- Born: Eugene Claremont Mullendore III October 26, 1937
- Died: September 26, 1970 (aged 32) Osage County, Oklahoma, U.S.
- Cause of death: Murder by gunshot
- Known for: Unsolved murder
- Spouse: Linda Vance Mullendore
- Children: 4
- Relatives: John W. Mecom Jr. (brother-in-law)

= E.C. Mullendore III =

Victim of unsolved murder, Oklahoma, US

Eugene Claremont "E.C." Mullendore III (October 26, 1937 – September 26, 1970) was an heir to one of the largest cattle ranches in Oklahoma. His death in 1970 was one of the most famous unsolved murder mysteries in Oklahoma history.

==Early life==
E.C. Mullendore III was born to Eugene Claremont "Gene" Mullendore Jr. and Kathleen (Boren) Mullendore. He had a sister Katsy, who was married to John W. Mecom Jr., the owner of the National Football League New Orleans Saints. The Mullendore family owned the Cross Bell Ranch in Osage County, Oklahoma, which covered about 130,000 acres. He was married to Linda Vance Mullendore and they had four children.

==Murder==
Gene Mullendore handed over management of the ranch to his son in 1960 because of his failing eyesight. E.C. ran up $12 million in debts on the ranch, in part due to their extravagant lifestyle. His wife moved to Tulsa, Oklahoma, with their children and planned to divorce E.C. On the night of September 26, 1970, E.C. Mullendore III was beaten and shot between the eyes in the den of his home on the ranch. His bodyguard/assistant Damon "Chub" Anderson was shot in the shoulder. Anderson claimed that he been upstairs drawing a bath when he heard a shot. He said that he rushed downstairs and found E.C. slumped on a couch and bleeding. When he approached the body, Anderson said he was shot once in the shoulder, but then returned gunfire on two fleeing men. The police made a number of mistakes in the investigation including disturbing the crime scene before physical evidence could be gathered and allowing E.C.'s body to be removed from the crime scene and later embalmed before an autopsy could be performed. Despite extensive investigation, no one was charged with the murder.

==Aftermath==
There were a number of theories speculated on about who the murderer was and what the motive was, often involving the large debt on the ranch or his insurance policy. There was speculation of Mafia involvement in the death, reportedly because of debts that E.C. might have owed to them. E.C. had a $15 million life insurance policy on him, with his wife as the beneficiary. The family agreed to a $8 million settlement in 1971 after Linda Mullendore filed a lawsuit against the insurance company. In 1972, a bankruptcy plan was approved to pay off part of the ranch's debt and refinance the rest, including using $5 million of the insurance proceeds and selling off livestock and other ranch property.

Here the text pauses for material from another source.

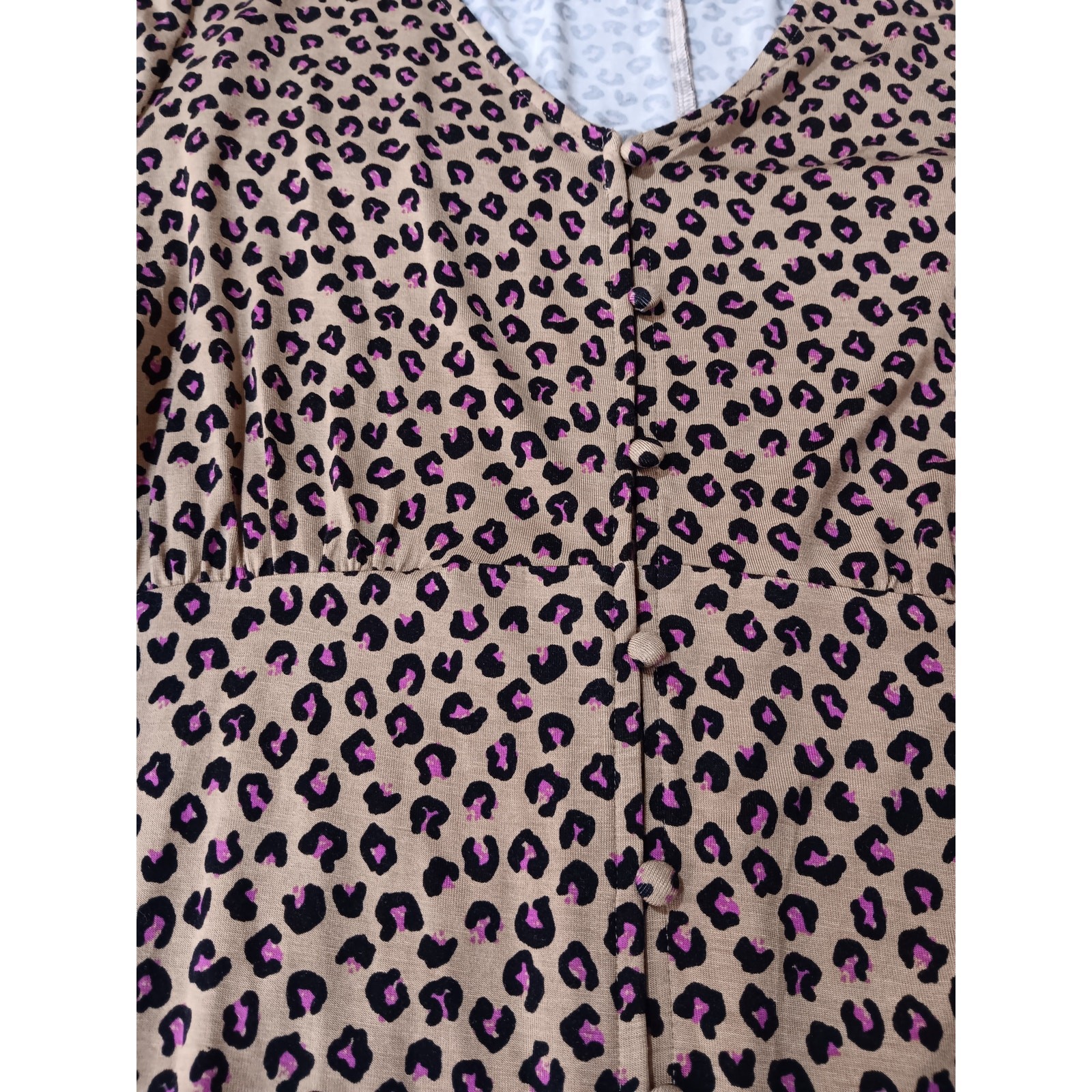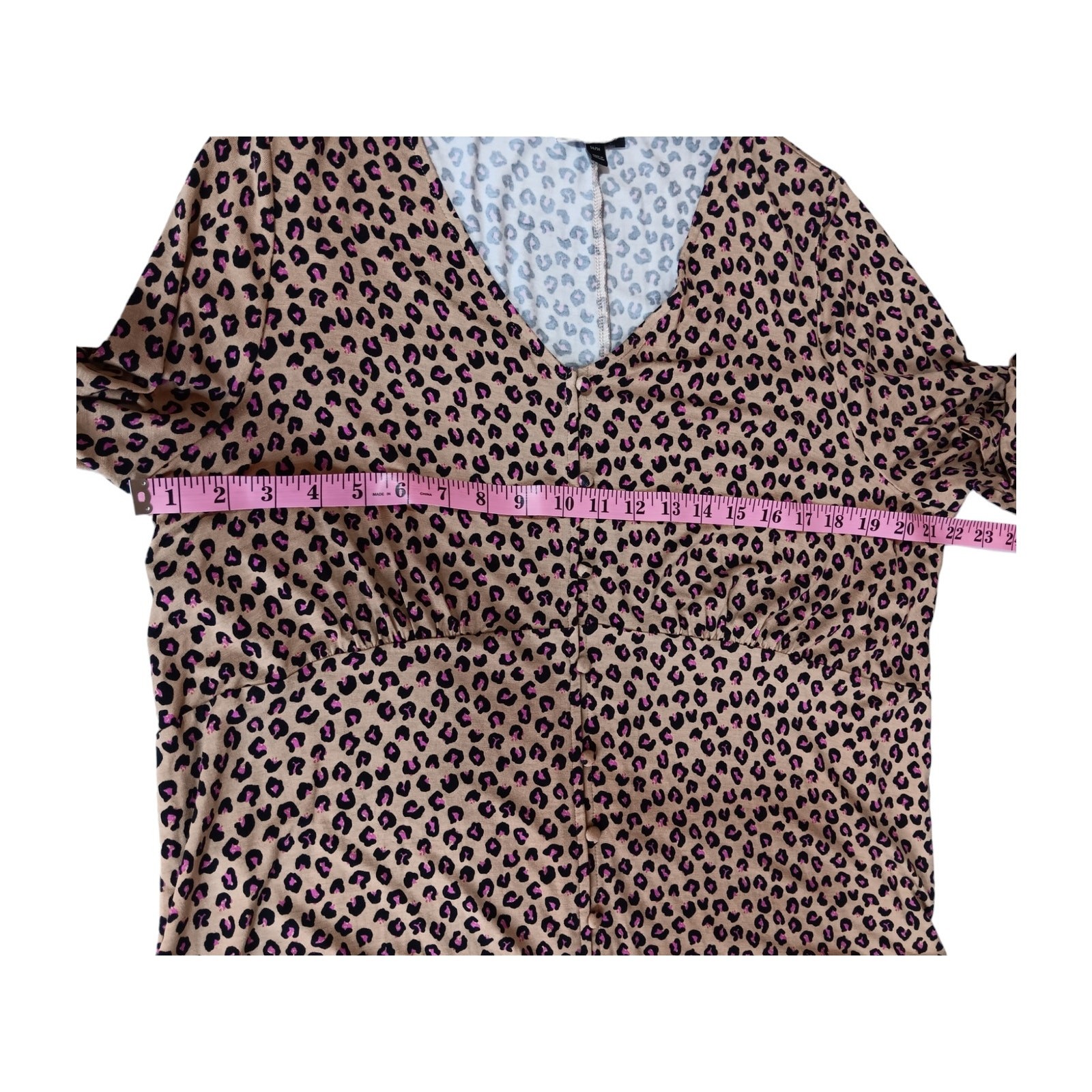 Fun print! Soft and stretchy with a cute yoke, gathers and covered buttons. Perfect for casual or work. In very good pre-owned condition. LANE BRYANT Top Blouse Shirt Size 14 16 Pink Animal Print Stretchy Knit V-Neck Measurements are in the photos. Keywords: Office Career Work Casual Secondhand Used Preowned Sustainable Smoke-free/pet-free home Color/texture may vary due to lighting/devices Items may show wrinkling from packing/transit ID:B2/10

According to private investigator Gary Glanz, in 2010 Chub Anderson told Glanz that he had killed E.C. in a fight after Anderson had helped deputies serve divorce papers on E.C. Anderson said that ranch hand Lonnie Joe Brown, his brother-in-law, had helped him stage the murder to look like intruders had killed E.C., including shooting Anderson in the arm. Chub Anderson died later that year.

The Wall Street Journal reporter Jonathan Kwitny wrote The Mullendore Murder Case in 1974 about the murder. Newspaper columnist Dale R. Lewis wrote the book Footprints in the Dew in 2015 about Chub Anderson. Lewis also made a documentary film Footprints in the Dew: The Last Ten Tapes based on interviews with Anderson.